Data shown:
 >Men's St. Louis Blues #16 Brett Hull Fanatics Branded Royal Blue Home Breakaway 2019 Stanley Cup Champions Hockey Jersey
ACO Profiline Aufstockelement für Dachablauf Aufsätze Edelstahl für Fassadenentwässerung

---

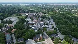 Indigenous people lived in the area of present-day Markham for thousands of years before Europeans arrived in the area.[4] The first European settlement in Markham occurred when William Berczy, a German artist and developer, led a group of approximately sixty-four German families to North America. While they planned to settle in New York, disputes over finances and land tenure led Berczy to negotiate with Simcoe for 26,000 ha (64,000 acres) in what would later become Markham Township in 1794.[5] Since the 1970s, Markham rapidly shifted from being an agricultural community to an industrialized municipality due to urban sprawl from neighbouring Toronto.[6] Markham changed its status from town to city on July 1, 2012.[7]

==

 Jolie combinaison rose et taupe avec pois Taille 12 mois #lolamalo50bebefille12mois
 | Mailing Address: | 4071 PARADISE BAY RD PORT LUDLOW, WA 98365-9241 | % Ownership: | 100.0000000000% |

Exercise brief:
Going back to the entries above, set down exactly the lines that begin at the one with "Champions Hockey Jersey" and end at the one with "ACO Profiline Aufstockelement", both included, and nothing else.

Result:
 >Men's St. Louis Blues #16 Brett Hull Fanatics Branded Royal Blue Home Breakaway 2019 Stanley Cup Champions Hockey Jersey
ACO Profiline Aufstockelement für Dachablauf Aufsätze Edelstahl für Fassadenentwässerung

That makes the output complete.